> PROVIDED INFORMATION
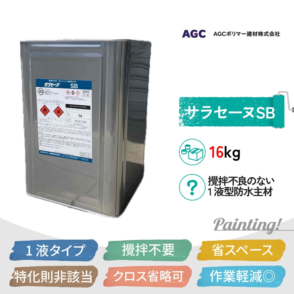 サラセーヌSB 1液で省力化に貢献する防水主材 AGCポリマー建材 16kg ブルーグレー 1液湿気硬化 環境対応型ウレタン防水材 (約6.1平米=SD工法にて2mm厚2.6kg 平米)
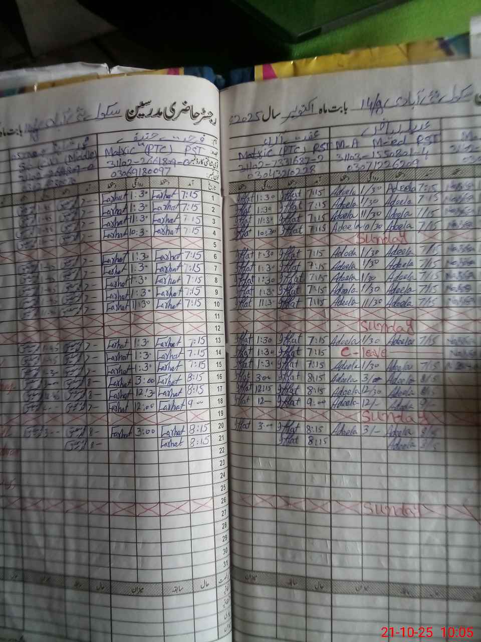| Name: Ad**** Ri**** Designation: (School Headmaster's/Headmistress's) PST Phone/Cell Number: 03**** |
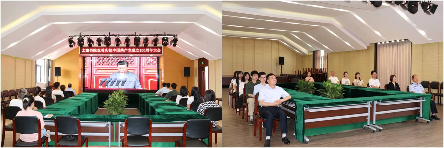 太湖書院黨支部積極組織支部黨員及入黨積極分子在太湖大講堂集中收看慶祝中國共產黨成立100周年大會直播,共同見證百年大黨的偉大盛典,喜慶中國共產黨建黨100周年。大家觀后紛紛表示,將銘記黨的百年輝煌歷程,始終牢記共產黨人的初心使命,繼往開來,昂揚奮進,以優異的工作業績為實現黨的第二個百年目標而努力奮斗。
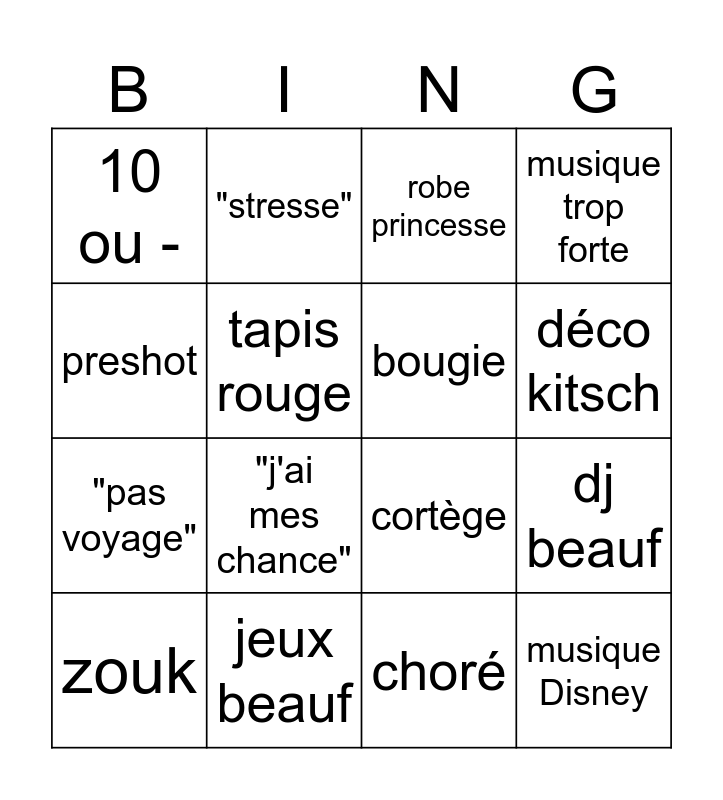 This bingo card has 16 words: jeux beauf, dj beauf, robe princesse, 10 ou -, "pas voyage", "stresse", cortège, choré, preshot, tapis rouge, zouk, musique trop forte, "j'ai mes chance", déco kitsch, bougie and musique Disney.
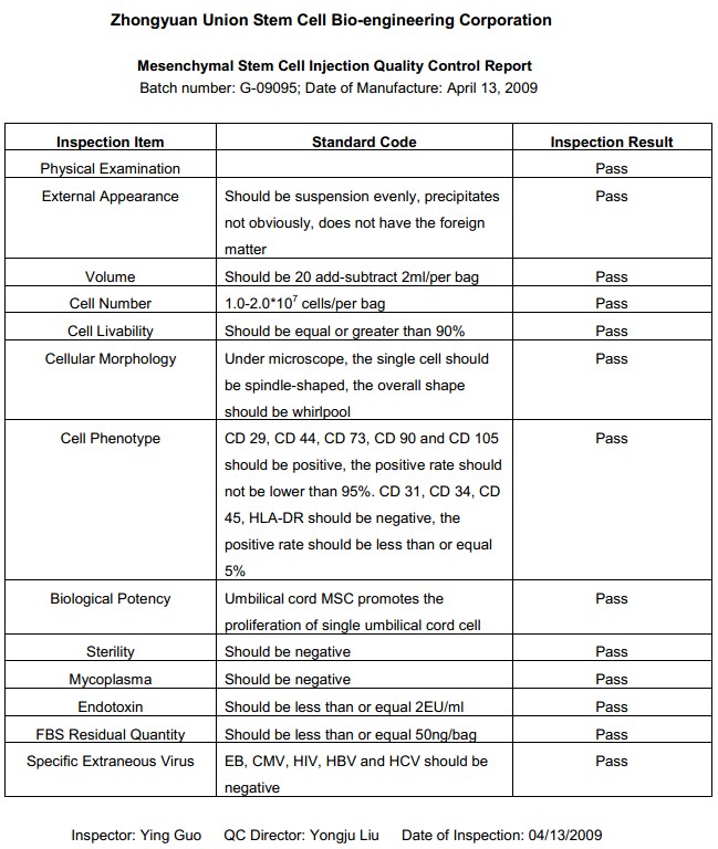 The following QC report is from one of our stem cell providers "Zhongyuan Union Stem Cell Bio-engineering Corporation " which is China's largest stem cell research and manufacturing company (also known as "National Industrial Base of Stem Cell Technology" ) located in

> PROBLEM DESCRIPTION
In the copy, include exactly the lines from the one with "太湖書院黨支部積極組織支部黨" through the final line of the data, both ends included, and no pictures.

> RESPONSE
 太湖書院黨支部積極組織支部黨員及入黨積極分子在太湖大講堂集中收看慶祝中國共產黨成立100周年大會直播,共同見證百年大黨的偉大盛典,喜慶中國共產黨建黨100周年。大家觀后紛紛表示,將銘記黨的百年輝煌歷程,始終牢記共產黨人的初心使命,繼往開來,昂揚奮進,以優異的工作業績為實現黨的第二個百年目標而努力奮斗。
 This bingo card has 16 words: jeux beauf, dj beauf, robe princesse, 10 ou -, "pas voyage", "stresse", cortège, choré, preshot, tapis rouge, zouk, musique trop forte, "j'ai mes chance", déco kitsch, bougie and musique Disney.
 The following QC report is from one of our stem cell providers "Zhongyuan Union Stem Cell Bio-engineering Corporation " which is China's largest stem cell research and manufacturing company (also known as "National Industrial Base of Stem Cell Technology" ) located in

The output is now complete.